I think I’m a bit stumped. Tom Morris, the producer of In Our Time, and myself hatched the idea that we would leave the microphones open after programmes, because some of the chat afterwards (technical term for deconstruction) might be of interest to our listeners, and Tom would affix it to the podcast as a footnote. We slipped it in this week without any publicity and we’ll see what the reaction is after a few months.  

The reason I’m stumped is that this 10 minute chat after the programme as often as not forms the basis of what I report in this newsletter. So where do I go from here? I sense a philosophical problem coming on. One of the first tweets we got, as the programme this morning proceeded on its philosophical journey, was: “If nobody listens to In Our Time, does it still exist?” Beats me. 

One question I did ask in the aftermath, of Peter Millican, was how would he describe an idea? I’d liked to have gone on and said what did it look like? How did it arrive at the idea of being an idea? And how did we distinguish it from a sensation? I never got round to that.

I tend to take what they say of what we missed out as almost a personal reproach, although most of them are sensible enough and sporting enough to know that in 42 minutes you can only deliver 42 minutes’ worth of information and not 4 hours’ worth of information. On reflection, I don’t know what I’m worrying about. I always have far more material than I can use in this newsletter, and half of what I write about happens outside the studio in any case.

Afterwards I went to talk to Gwyneth Williams, who runs the channel, and found around her open-plan office a nest of creative talent which would be hard to meet in any other radio outfit.

On then to the office and the usual e-mails and interviewed by a 12-year-old, the son of a friend of mine, who is doing a project at school and asked some horribly difficult questions about the state of the world. When asked what he should be thinking about, I said, truthfully, “getting out and enjoying yourself and running around” and continued in that vein. I felt extremely frivolous. The New Seriousness is coming up on the outside very fast.

Off to lunch with an old pal who is one of the cleverest people I know. He did a brilliant but bleak anatomy of the effect of mega-money on London, of which, perhaps, more later.
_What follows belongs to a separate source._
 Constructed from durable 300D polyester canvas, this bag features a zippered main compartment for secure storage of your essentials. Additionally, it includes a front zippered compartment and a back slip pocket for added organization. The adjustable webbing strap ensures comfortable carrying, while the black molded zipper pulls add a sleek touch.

After lunch found time to go for a brisk walk in Green Park. Just outside the park in Piccadilly was a group of people with whistles and megaphones, shouting very loudly but in a good, strong rhythm, to ‘Save the Dolphins’.  It’s still very touching that people who want to save anything, preserve anything, overthrow anything or release anybody come to London to speed on their cause.

In St James’s Park just time to see the cherry blossom in fullest bloom, the daffodils in fullest trumpeting form and a little snow beginning to fall.

The Lords were debating the level of unemployment in the United Kingdom. And after I’ve finished this dictation I’ll be meeting Tom Morris to have a cup of tea and discuss what we might put in the next eight programmes.  He’s told me he’s coming in a dinner jacket.

Best wishes

Melvyn Bragg

PS Tom and I had a cup of tea and a piece of fruitcake.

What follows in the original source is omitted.